A figure must go with this question. You need to do a force and torque balance.
To find the reaction force of the leg muscles to the traction (a), we need to remember that the sum of all forces acting on an object in equilibrium is equal to zero.
(a) Let's consider the forces acting on the system.
1. The weight of the leg and cast (combined mass of 15.0 kg) acts downward, which can be represented as m1 * g, where g is the acceleration due to gravity (approximately 9.8 m/s²).
2. The tension in the traction device, which is supporting the leg, acts upward. We need to find this tension force.
Now, since the leg is in equilibrium, the sum of the forces is zero. Therefore, we can write the equation:
Tension force - Weight of the leg and cast = 0
Tension force = Weight of the leg and cast
Tension force = m1 * g
Substituting the given values, we have:
Tension force = 4.50 kg * 9.8 m/s²
Calculate the values to find the tension force.

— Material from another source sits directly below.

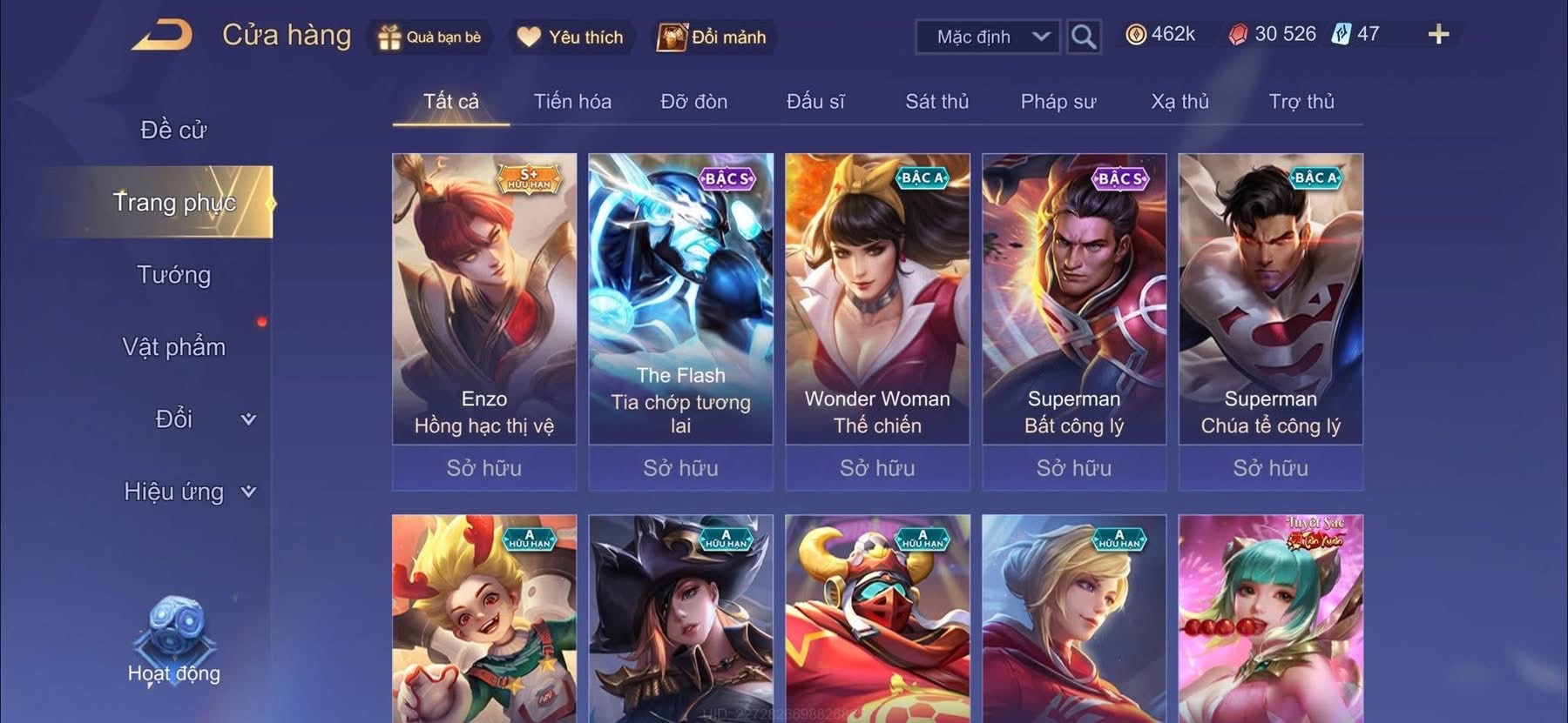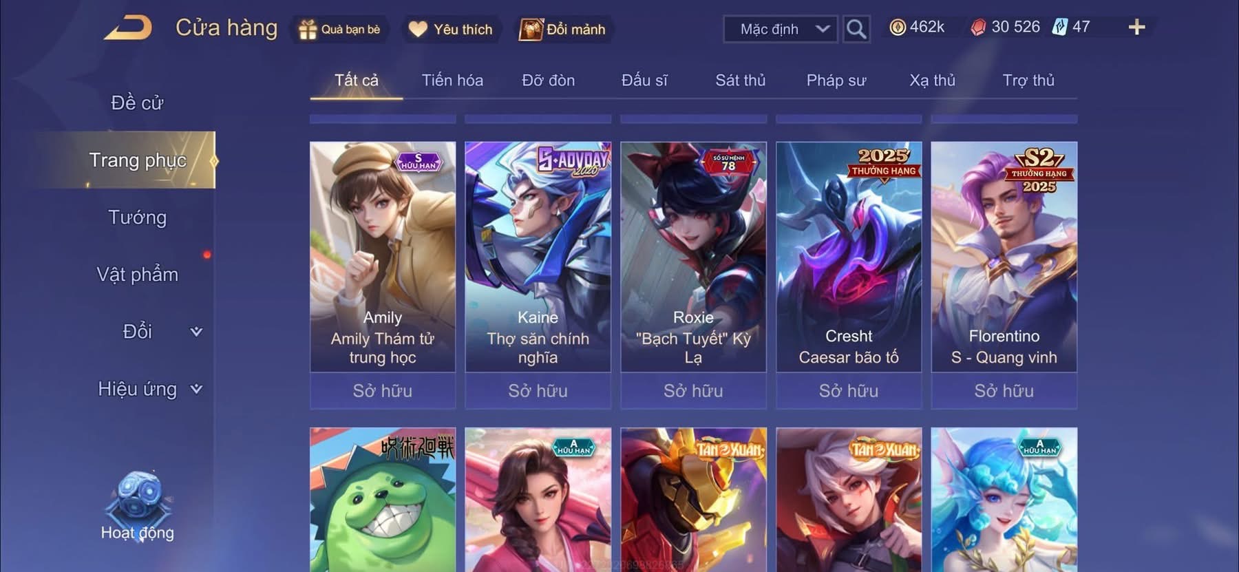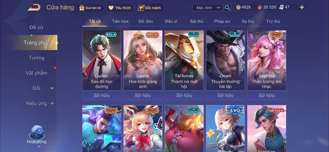 Nổi bật: Billow + baron tết . flo hổ phách . enzo bạch hổ . nhiều skin vip

(b) In order to keep the leg horizontal, the tension force in the traction (Tension force) should equal the weight of the leg and cast (Weight of the leg and cast), given by m1 * g.
Since the leg needs to be horizontal, there should not be any unbalanced force on it. In this case, the reaction force exerted by the traction device is equal to the weight of the leg and cast. Therefore, to keep the leg horizontal, m2 should be equal to m1, which is 4.50 kg in this case.